*Your objective*
Copy out the full data exactly as given; pictures should not be included.

*Data extract*
=== Begin Enclosure ===
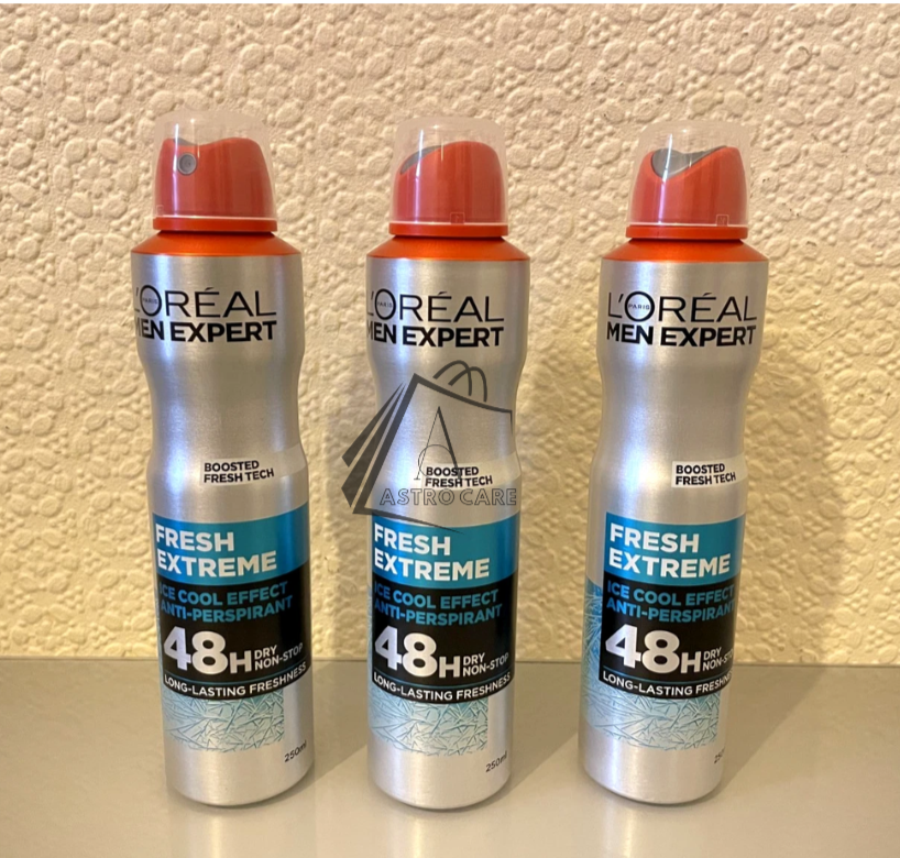 3 x 250ml XL Loreal Anti-Perspirant Deodorant Men Expert Fresh Extreme spray
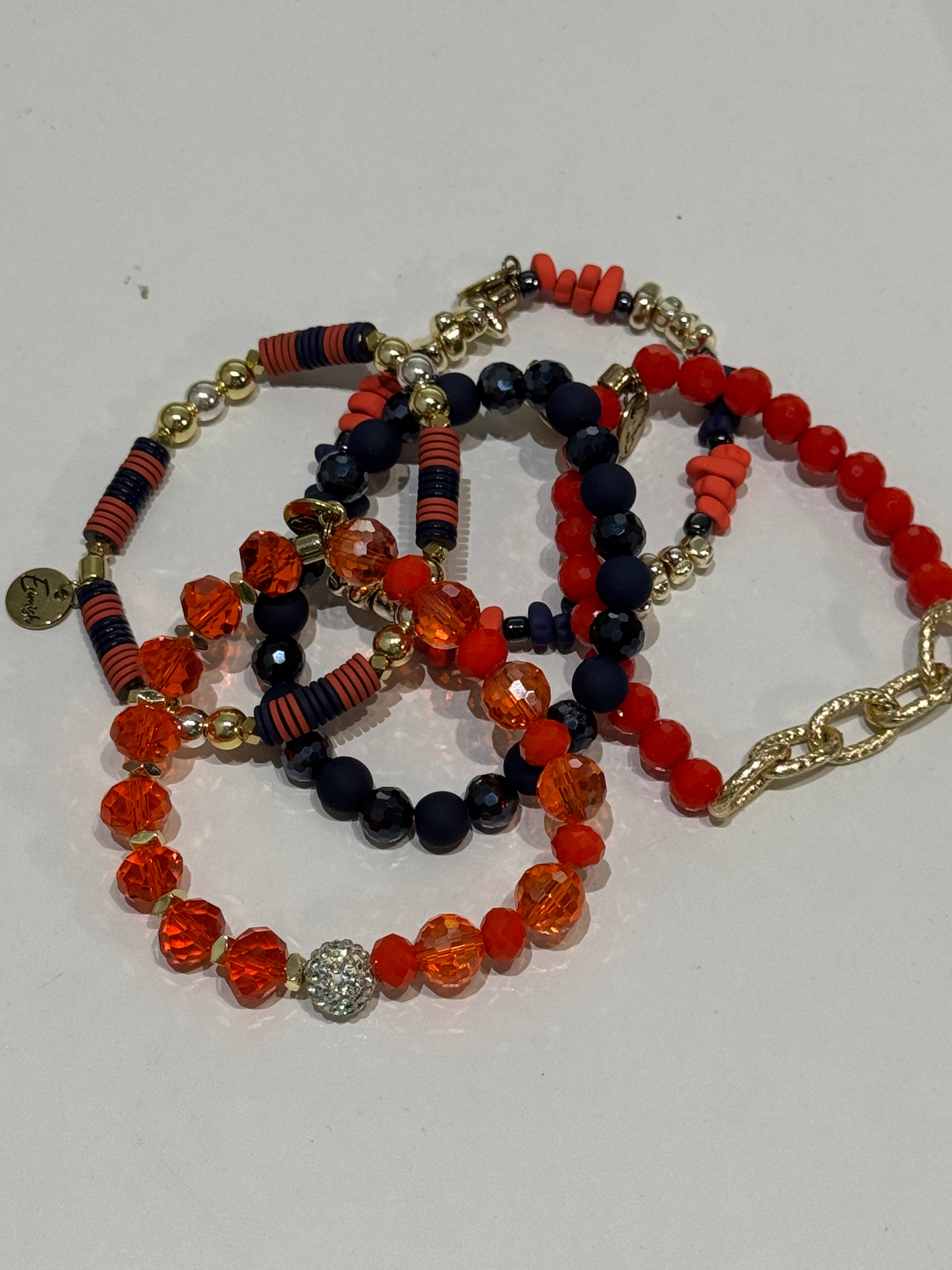5 bracelets, carded. Orange and navy! 7.5"
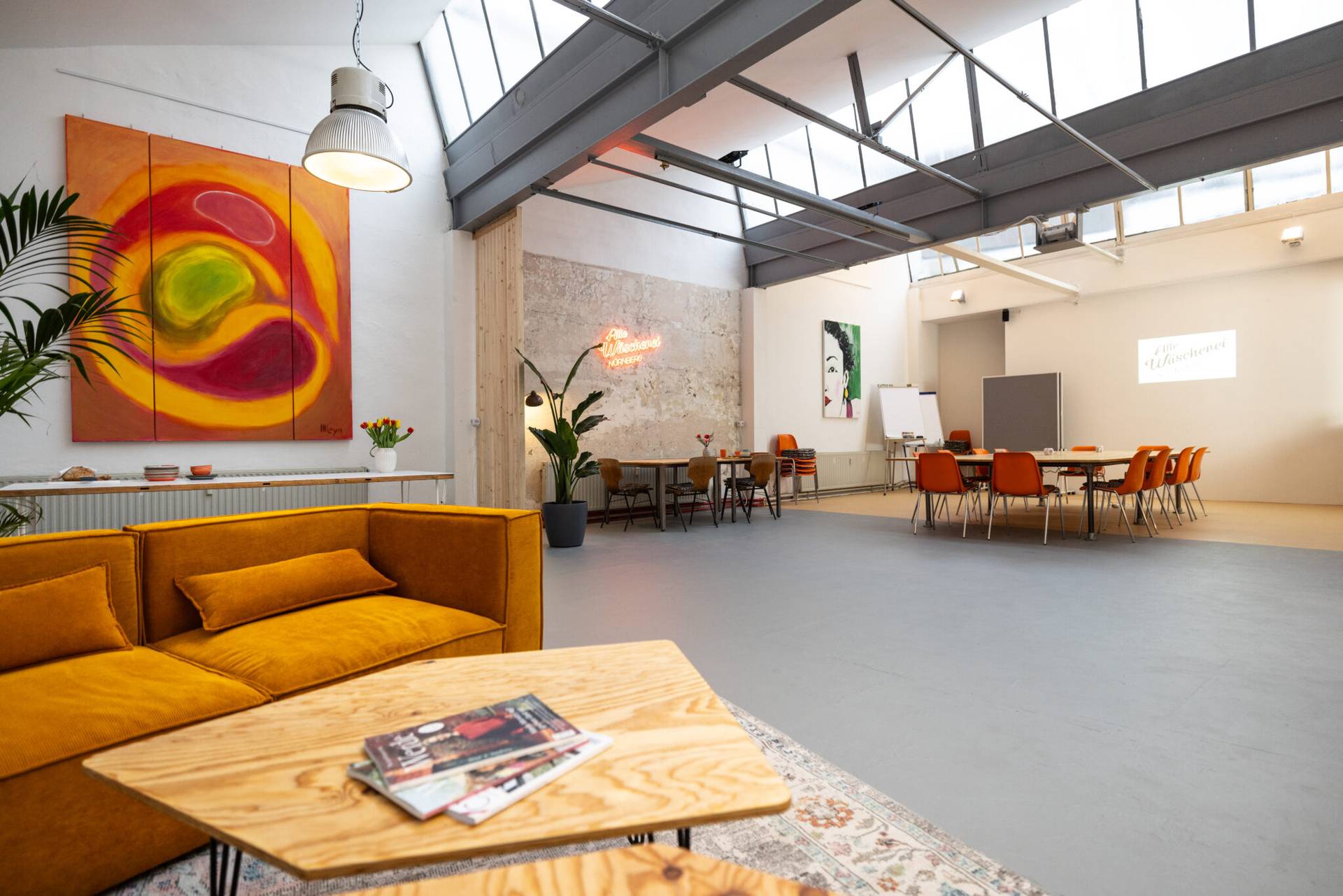 Dieser Seminarraum bietet einen einzigartigen und inspirierenden Rahmen für Ihre Unternehmensveranstaltungen in Nürnberg. In der Nähe der Altstadt gelegen, zeichnet er sich durch eine zentrale Lage aus, die leicht von der U-Bahn und dem Hauptbahnhof erreichbar ist. Der Raum, der früher eine Wäscherei war, wurde umgestaltet, um eine reine und angenehme Atmosphäre zu schaffen, die ideal für Workshops, Seminare und Besprechungen ist. Mit einer Kapazität von bis zu 40 Personen ist er mit modernen Annehmlichkeiten ausgestattet, darunter ein heller Projektor und schnelles WLAN. Die Teilnehmer können auch aus einem abwechslungsreichen Cateringangebot wählen, das von gesunden Frühstücken bis hin zu vollständigen Buffets reicht, die von qualitativ hochwertigen Cateringpartnern zubereitet werden. Die kreative und unkonventionelle Atmosphäre dieses Ortes fördert innovatives Denken und Zusammenarbeit. Darüber hinaus können zur Ausklang Ihrer Arbeitstage in entspannter Atmosphäre auch Entspannungsoptionen, wie Wein- oder Whisky-Verkostungen, organisiert werden. Ob für strategische Meetings oder Brainstorming-Sitzungen, dieser Raum besticht durch seinen historischen Charme und modernen Komfort.
=== End Enclosure ===
*Your response*
 3 x 250ml XL Loreal Anti-Perspirant Deodorant Men Expert Fresh Extreme spray
5 bracelets, carded. Orange and navy! 7.5"
 Dieser Seminarraum bietet einen einzigartigen und inspirierenden Rahmen für Ihre Unternehmensveranstaltungen in Nürnberg. In der Nähe der Altstadt gelegen, zeichnet er sich durch eine zentrale Lage aus, die leicht von der U-Bahn und dem Hauptbahnhof erreichbar ist. Der Raum, der früher eine Wäscherei war, wurde umgestaltet, um eine reine und angenehme Atmosphäre zu schaffen, die ideal für Workshops, Seminare und Besprechungen ist. Mit einer Kapazität von bis zu 40 Personen ist er mit modernen Annehmlichkeiten ausgestattet, darunter ein heller Projektor und schnelles WLAN. Die Teilnehmer können auch aus einem abwechslungsreichen Cateringangebot wählen, das von gesunden Frühstücken bis hin zu vollständigen Buffets reicht, die von qualitativ hochwertigen Cateringpartnern zubereitet werden. Die kreative und unkonventionelle Atmosphäre dieses Ortes fördert innovatives Denken und Zusammenarbeit. Darüber hinaus können zur Ausklang Ihrer Arbeitstage in entspannter Atmosphäre auch Entspannungsoptionen, wie Wein- oder Whisky-Verkostungen, organisiert werden. Ob für strategische Meetings oder Brainstorming-Sitzungen, dieser Raum besticht durch seinen historischen Charme und modernen Komfort.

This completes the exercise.